Exercise objective:
Print the lines from the one containing "The ring face" through the end of the material below, both included, exactly as they appear and without pictures.

Dataset content:
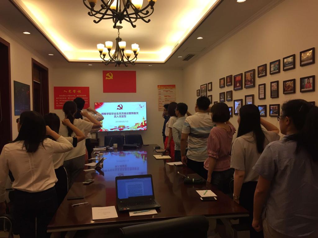 党委在文字斋小会议室组织毕业生党员召开座谈暨预备党员入党宣誓。会议由学院党务办公室主任薛育余主持,党委副书记胡佳同志与会并讲话。
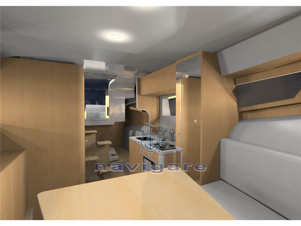 Notas de armamento, Il ponte sottocoperta offre un ambiente vivibile a pieno, molto spazioso ed arioso grazie alla sua altezza utile che supera i 190 cm, una luminosità interna grazie alle paratie laterali trasparenti senza precedenti in battelli di questa categoria, il comfort e l’eleganza degli interni vi accoglieranno regalandovi un ambiente caldo e raffinato, con una ricerca nei dettagli e nei particolari che vi faranno sentire a vostro agio in ogni condizione. Il suo design, la cura nei dettagli da yacht di lusso, il suo living interno è stato pensato per il massimo confort di vita a bordo.
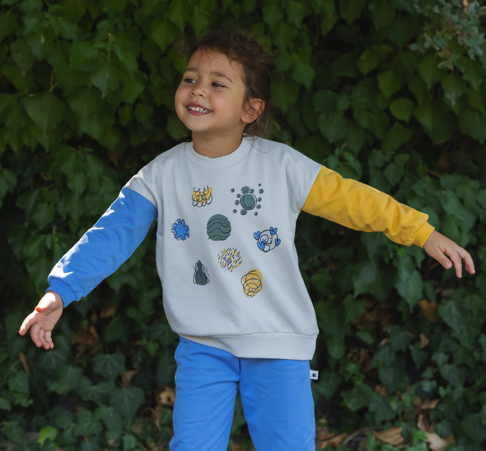 Loose cut sweatshirt with rib details. Sizes up to 3 years have snaps on the shoulder for easy dressing
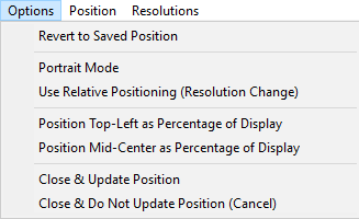 When you click on the "..." next to the Top/Left position, a Screen Position window will open to provide a visual tool for setting the opening screen position. By default, the current screen resolution is used - for targets with different screen resolutions or layouts, use the Options and Resolutions menus.
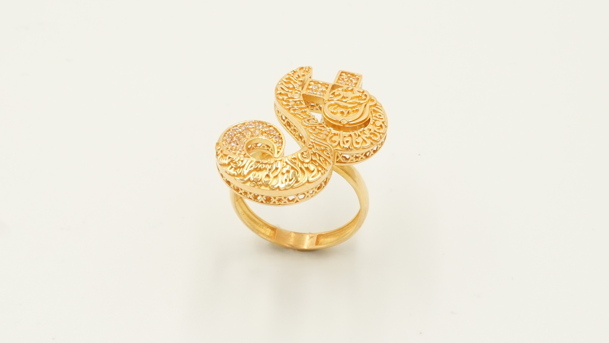 The ring face is divided into two sweeping sections, each featuring delicate open-work and deeply etched patterns reminiscent of traditional Middle Eastern metalwork.
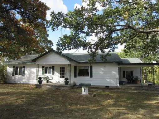 Nice home w/paved highway frontage sitting on 33 mostly-wooded acres. This home has 3 bedrooms, 3 baths, a partial unfinished basement, nice kitchen, 2 car attached garage, and 33 acres to roam around on. The property would be great for recreation because of its rock and cave structures and park-like setting next to the wet-weather creek.

Solution to this exercise:
 The ring face is divided into two sweeping sections, each featuring delicate open-work and deeply etched patterns reminiscent of traditional Middle Eastern metalwork.
 Nice home w/paved highway frontage sitting on 33 mostly-wooded acres. This home has 3 bedrooms, 3 baths, a partial unfinished basement, nice kitchen, 2 car attached garage, and 33 acres to roam around on. The property would be great for recreation because of its rock and cave structures and park-like setting next to the wet-weather creek.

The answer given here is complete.